**WHAT THE EXERCISE ASKS:**
Your copy should hold only the lines from the one with "နေပြည်တော် စက်တင်ဘာ ၉" to the one with "Mangueras (Para spray)", both included, each exactly as it stands below, with no pictures.

[Excerpts from a dataset]
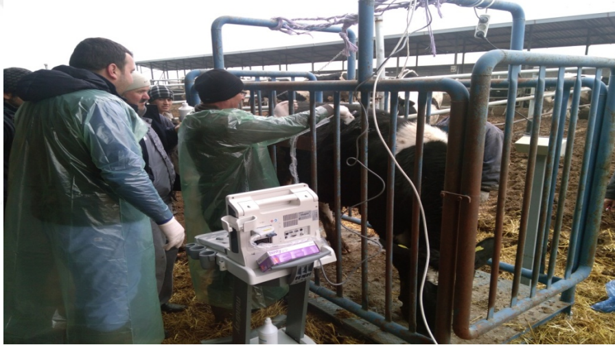
Şekil 2.6. Karkas kalitesinin ölçülmesi için görüntü alınması
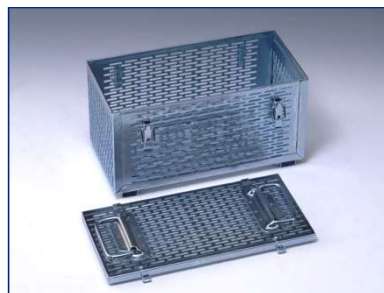
..... Einsatzkasten mit Deckel und Verschlussbügeln
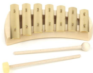
Ilustración 3: metalófono (p. 13)
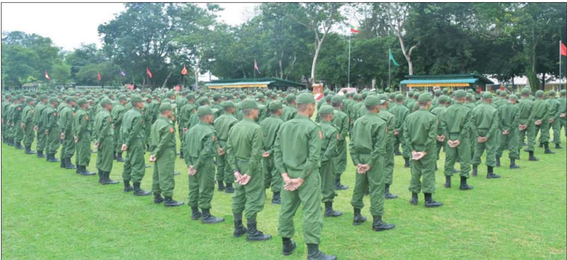
နိုင်ငံတော်ကာကွယ်ရေးနှင့် လုံခြုံရေးတာဝန်ထမ်းဆောင်နိုင်ရန်အတွက် ပြည်သူ့စစ်မှုထမ်းသင်တန်း အမှတ်စဉ်(၅) သင်တန်းဖွင့်ပွဲကို သင်တန်းကျောင်းတစ်ခု၌ ကျင်းပစဉ်။

နေပြည်တော် စက်တင်ဘာ ၉ နိုင်ငံတော်ကာကွယ်ရေးနှင့် လုံခြုံရေး တာဝန် ထမ်းဆောင်နိုင်ရန်အတွက် ပြည်သူ့စစ်မှုထမ်းသင်တန်းအမှတ်စဉ်(၅) တွင် ပါဝင်တက်ရောက်ကြမည့် အရည် အချင်းကိုက်ညီသူ နိုင်ငံသားကောင်းများ သည် သက်ဆိုင်ရာတိုင်းစစ်ဌာနချုပ် နယ်မြေများရှိသင်တန်းကျောင်းအသီးသီး သို့ ရောက်ရှိ၍ လိုအပ်သည့်ကြိုတင် ပြင်ဆင်မှုများကို ဆောင်ရွက်ခဲ့ကြပြီး ယနေ့နံနက်ပိုင်းတွင် အဆိုပါသင်တန်း ကျောင်းအသီးသီး၌ ပြည်သူ့စစ်မှုထမ်း သင်တန်းအမှတ်စဉ်(၅) သင်တန်းဖွင့်ပွဲ များ ပြုလုပ်ကြသည်။ သင်တန်းဖွင့်ပွဲများ တွင် သင်တန်းကျောင်းများအလိုက် ကျောင်းအုပ်ကြီးများက သင်တန်းဖွင့် အမှာစကားများ ပြောကြားကြသည်။ အဆိုပါ သင်တန်းဖွင့်ပွဲများသို့ နေပြည်တော်ကောင်စီဥက္ကဋ္ဌ တိုင်းဒေသ ကြီးနှင့် ပြည်နယ်ဝန်ကြီးချုပ်များ၊ တိုင်းမှူး များနှင့် တာဝန်ရှိသူများ တက်ရောက်၍
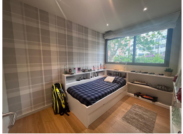
21. HABITACION 3
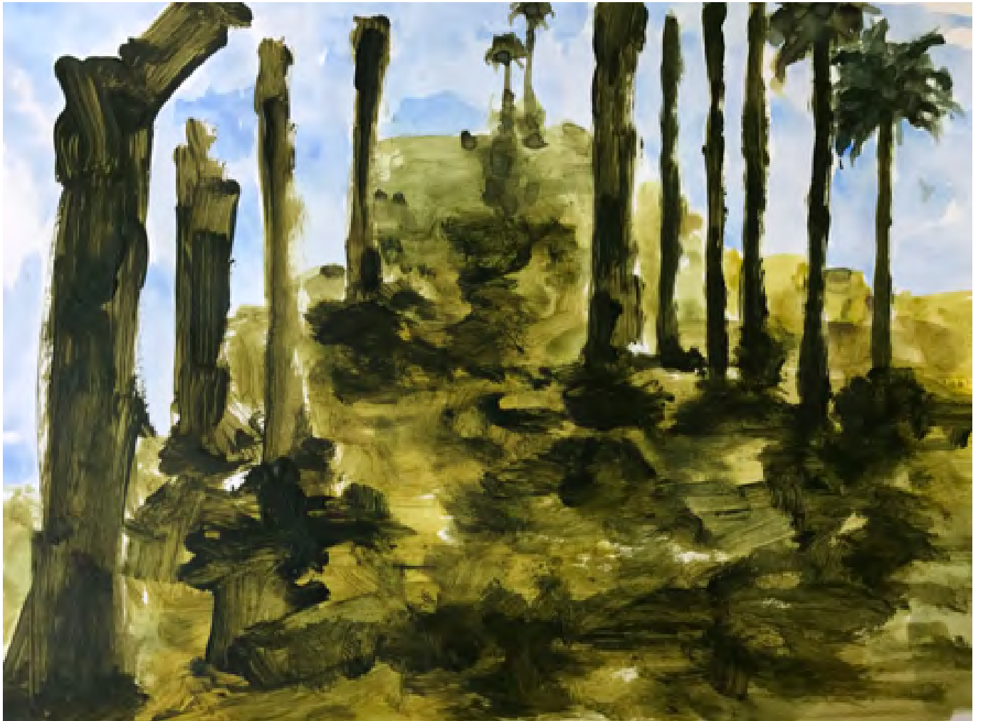
Sans titre, technique mixte sur papier, 2017
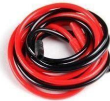
Mangueras (Para spray)
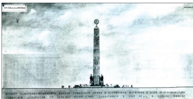
Рисунок 2. Технические проекты Монумента Победы (1950-е гг.)
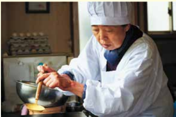
©2015映画「あん」製作委員会／COMME DES CINEMAS / TWENTY TWENTY VISION / ZDF-ARTE 出演：樹木希林、永瀬正敏、市原悦子（113分）

▼主催 播磨町、播磨町教育委員会 ▼共催 播磨町人権・同和教育研究協議会、東部・西部・野添・南部「ミセン」地域推進委員会
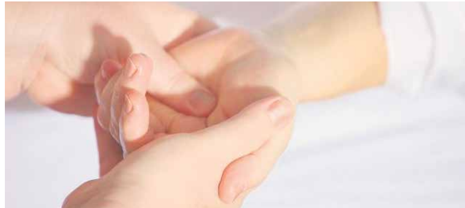
La medicina paliativa que reviste también una gran importancia en ámbito cultural.
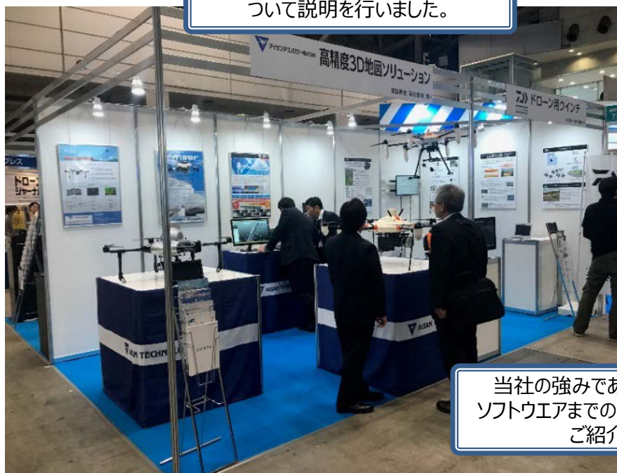
当社の強みである、ハードウェアからソフトウェアまでのトータルソリューションをご紹介しました。
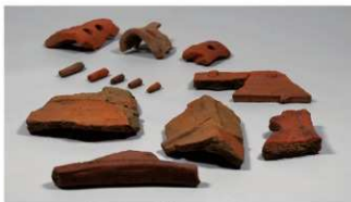
⑬ 家形埴輪 (破片であるが数個体分ある。)

麩は長い柄に大きな団扇をつけた送風の役目を持つ道具で、儀式に用いられたとみられる。
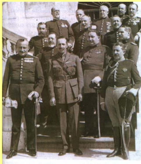
Alfonso XIII y el Directorio militar
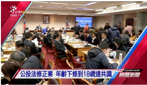
公投法修正案 年齡下修到18歲達共識 | 公視晚間新聞 12/15
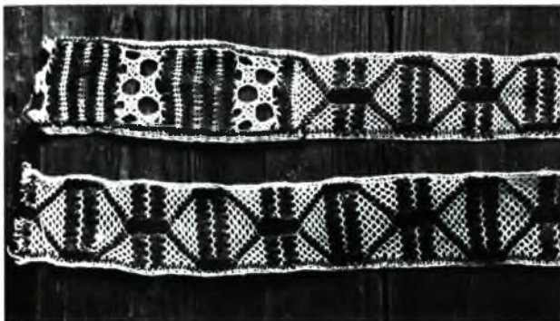
Карункавыя прошвы. Пачатак XX ст. Лен, карункі на каключках. Фотаздымак 1920-х гг. захоўваецца ў Нацыянальным гістарычным музеі Рэспублікі Беларусь.

У Семежаве нам не ўдалося знайсці жаночыя кашулі з карункамі. Разам з тым у музеях ёсць узоры кашуль з плеченымі карункамі, якія паходзяць з блізкіх да Семежава вёсак Бучаціна і Дзярэчын Капыльскага раёна. Карункі на рукавах гэтых кашуль па тэхніцы пляцення, матэрыяле, характары арнамента, пяцельчатым завяршэнні краю падобныя да карункаў на тэкстыльных прадметах, што дакладна выраблены ў Семежаве. Беручы пад увагу існаванне шлюбнай міграцыі семежаўскіх нявест і адпаведна – перамяшчэнне іх тэкстыльнага пасагу ў найбліжэйшыя вёскі, можна з вялікай доляй верагоднасці аднесці карункавыя ўпрыгажэнні гэтых кашуль да ўзораў семежаўскага карункапляцення. Варта адзначыць, што кашулі вылучаюцца асаблівымі спосабамі афармлення карункамі рукавоў, не характэрным для беларускага народнага касцюма. Звычайна ў сялянскіх кашулях карункі прышыты па краі рукава, апускаюцца і ўтвараюць фальбону вакол кісці рукі. Менавіта так афармлены рукавы кашуль з вёсак Казулічы Кіраўскага раёна, Дулебы і Капланцы Бярэзінскага раёна. У кашулях з суседніх з Семежава вёсак карункі нашыты вышэй ад абшыўкі і ўтвараюць пышную фальбону,
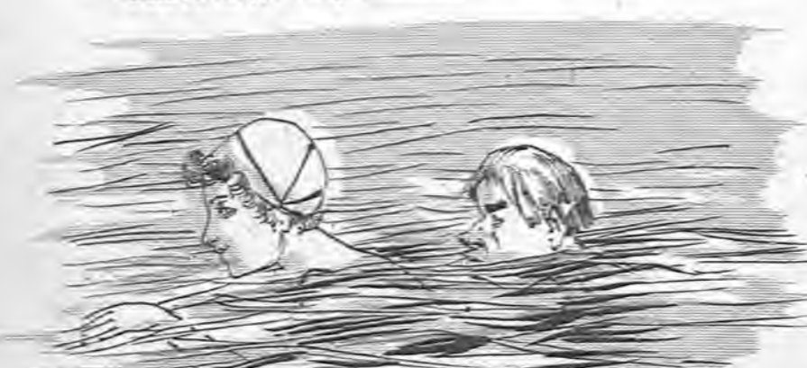
—Hija mía, por Dios, no alee tanto los pies, que ya me ha dado dos golpes en los mismos sitios.
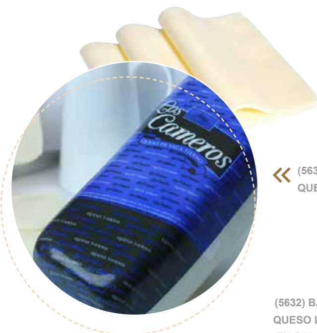
(5631) BARRA -azul- QUESO - CAMEROS
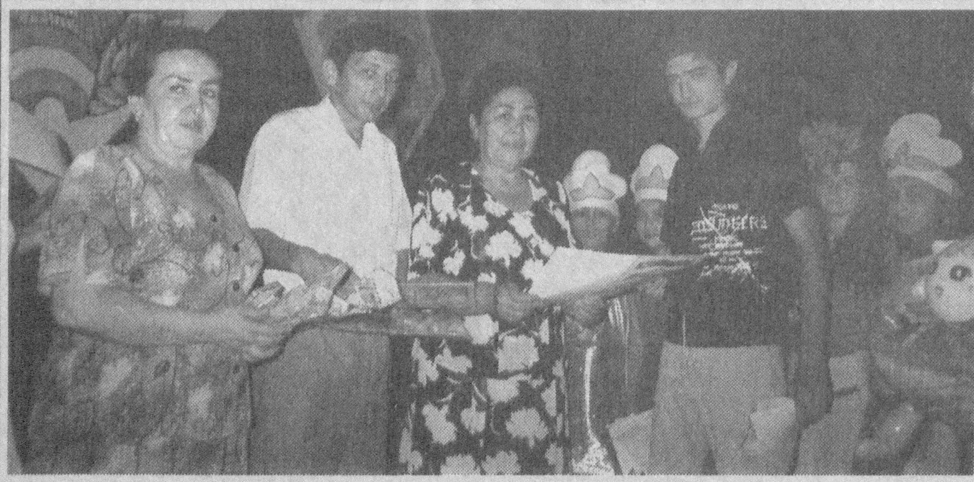
Суратда: Партия аъзолари болажонларга совға улашмоқда.

Мустиқалгимизнинг илк йиллариданоқ Орол- бўйи болалари ва «Меҳ- рибонлик уйлари» ўқув- чиларининг Ўзбекистон- нинг оромбахш дам олиш масканларида соғлом-
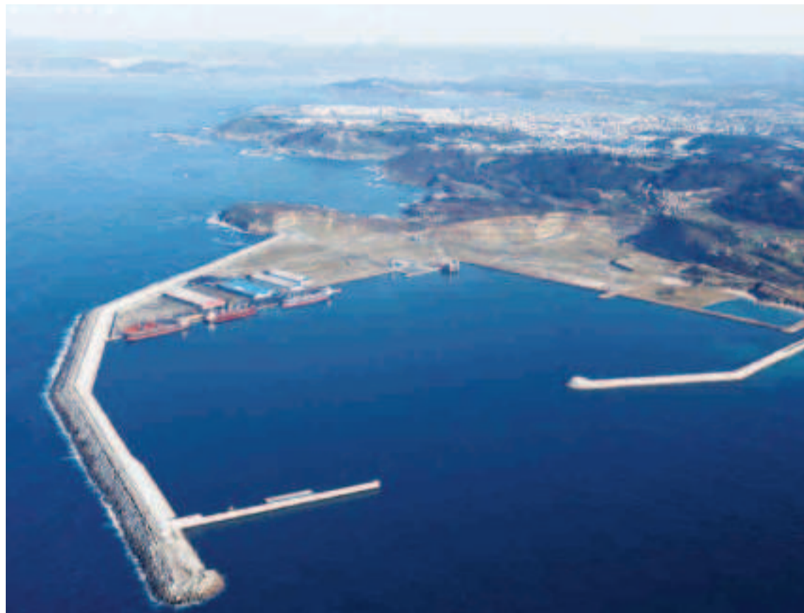
Panorámica del Puerto Exterior de A Coruña.

Con gran probabilidad y a poco que la economía Europea siga

**RESPONSE FOR THIS EXERCISE:**
နေပြည်တော် စက်တင်ဘာ ၉ နိုင်ငံတော်ကာကွယ်ရေးနှင့် လုံခြုံရေး တာဝန် ထမ်းဆောင်နိုင်ရန်အတွက် ပြည်သူ့စစ်မှုထမ်းသင်တန်းအမှတ်စဉ်(၅) တွင် ပါဝင်တက်ရောက်ကြမည့် အရည် အချင်းကိုက်ညီသူ နိုင်ငံသားကောင်းများ သည် သက်ဆိုင်ရာတိုင်းစစ်ဌာနချုပ် နယ်မြေများရှိသင်တန်းကျောင်းအသီးသီး သို့ ရောက်ရှိ၍ လိုအပ်သည့်ကြိုတင် ပြင်ဆင်မှုများကို ဆောင်ရွက်ခဲ့ကြပြီး ယနေ့နံနက်ပိုင်းတွင် အဆိုပါသင်တန်း ကျောင်းအသီးသီး၌ ပြည်သူ့စစ်မှုထမ်း သင်တန်းအမှတ်စဉ်(၅) သင်တန်းဖွင့်ပွဲ များ ပြုလုပ်ကြသည်။ သင်တန်းဖွင့်ပွဲများ တွင် သင်တန်းကျောင်းများအလိုက် ကျောင်းအုပ်ကြီးများက သင်တန်းဖွင့် အမှာစကားများ ပြောကြားကြသည်။ အဆိုပါ သင်တန်းဖွင့်ပွဲများသို့ နေပြည်တော်ကောင်စီဥက္ကဋ္ဌ တိုင်းဒေသ ကြီးနှင့် ပြည်နယ်ဝန်ကြီးချုပ်များ၊ တိုင်းမှူး များနှင့် တာဝန်ရှိသူများ တက်ရောက်၍
21. HABITACION 3
Sans titre, technique mixte sur papier, 2017
Mangueras (Para spray)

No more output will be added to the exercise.